Похоже, совершенно смело можно предположить, что поэт не имел никаких добрачных половых контактов со своей нареченной. Того требовала тогдашняя мораль, эти нестерпимо ханжеские правила игры, навязанные седоглавыми интендантами галицкого публичною театра. Потому-то даже такой beasty bad boy[73], как Антоныч, ничего не смог против этого придумать. Все его попытки соблазнить твердую в убеждениях панну преждевременной интимной близостью разбивались о ее непоколебимую добропорядочность и гордость на грани с фригидностью. Можем полагать, что Оля ни разу не позволила обстоятельствам обернуться таким образом, чтобы они с суженым оказались наедине. Нет, всегда в чьем-то присутствии — каких-то подруг, воспитательниц, монашек-василианок[74] и не в последнюю очередь ее родителей. Все они обладали препаскудным свойством беспардонно рассматривать и неодобрительно оценивать Антоныча, словно перед ними какой-нибудь Минотавр или Фантомас, взявшийся втянуть их неразумное дитя в свое тайное развратное логово. «А чем он живет?» — неоднократно допытывалась, насквозь лорнируя дочь, пани Олийныкова, которую уж никак не мог удовлетворить ответ о какой-то эфемерной премии Товарищества писателей и журналистов или глубоко символической стипендии от Его Высокопреосвященства митрополита графа Андрея[75].

Поэтому ничего удивительного, что в воспоминаниях своей невесты Антоныч выглядит скорее никаким. Она предпочитает концентрировать внимание на его мягкости, добротен мечтательности. Или, скажем, на том, каким старательным он был в учебе, как целыми вечерами и неделями не вылезал из библиотек (сама собой напрашивается гипотеза об истинных мотивах и местах его слишком регулярного отсутствия). Из всех размыто-неопределенных фраз Антоныча, будто бы промолвленных в ее присутствии, запоминается по-настоящему лишь одна, возможно, вычитанная ею у того же Курдыдыка: «Знаешь, иногда у меня ощущение, будто мне кто-то нашептывал в ухо. Слово в слово нашептывал».

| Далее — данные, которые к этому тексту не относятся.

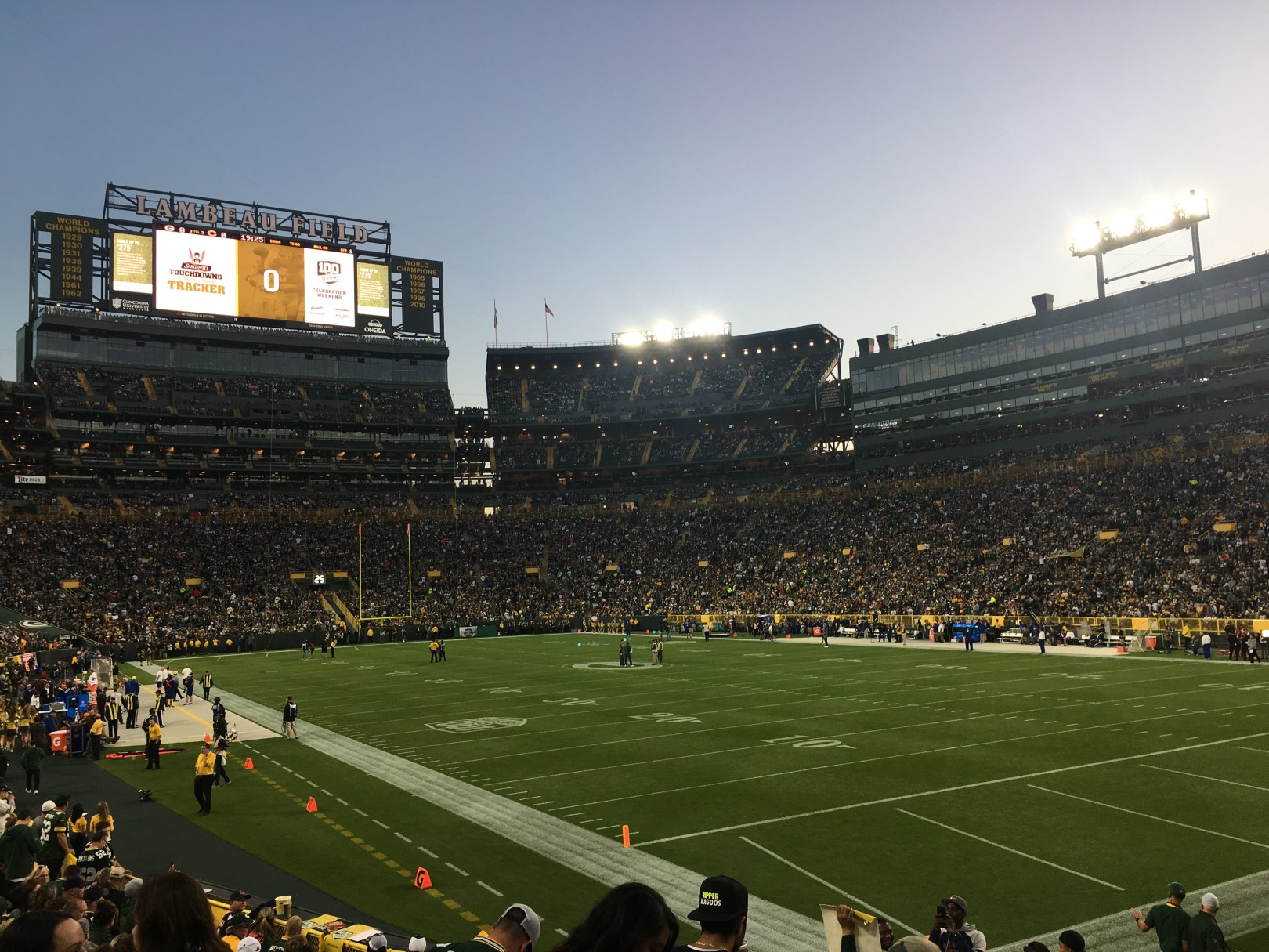 The moment of truth came when it was time to call our Uber. It took our driver Lisa about 15 minutes to get to the park from the east side of Green Bay. She dropped us off right at the stadium and we made plans to meet up with her after the game to get a ride back. That Wisconsin hospitality! :) We learned that a ton of Uber drivers descent on the town for Packers-Bears weekend so there isn’t usually trouble finding a ride. Lisa told us that some people even Uber all the way back to Chicago and Milwaukee!

Излишне говорить, что Антоныч переживал такого характера отношения как довольно болезненную драму. Ясно осознавая свое особенное место в метафизическом сообществе проклятых поэтов, со всех сторон раздираемых демонами бунта и разрушения, он слишком отчетливо видел ближайшую жизненную перспективу: женитьба, бытовая рутина и скука, отказ от самого главного, капитуляция, а потом — позорное доживание в окружении бесконечно чужой и требовательной семьи на учительской должности где-нибудь под Коломыей. Именно эти его настроения просто-таки вопиют к самым внимательным из нас, когда читаем у него: «Мой череп — балдахин над брачным ложем двух гадюк…» или — еще показательнее — «Цветисто размалеван семейных норок быт, // лежанка, кенар, песик и любовь — в комплекте». А самое главное — и здесь уже драма перерастает саму себя — отсутствие вариантов, то есть полное осознание того, что так оно все и будет, что по-иному просто не бывает.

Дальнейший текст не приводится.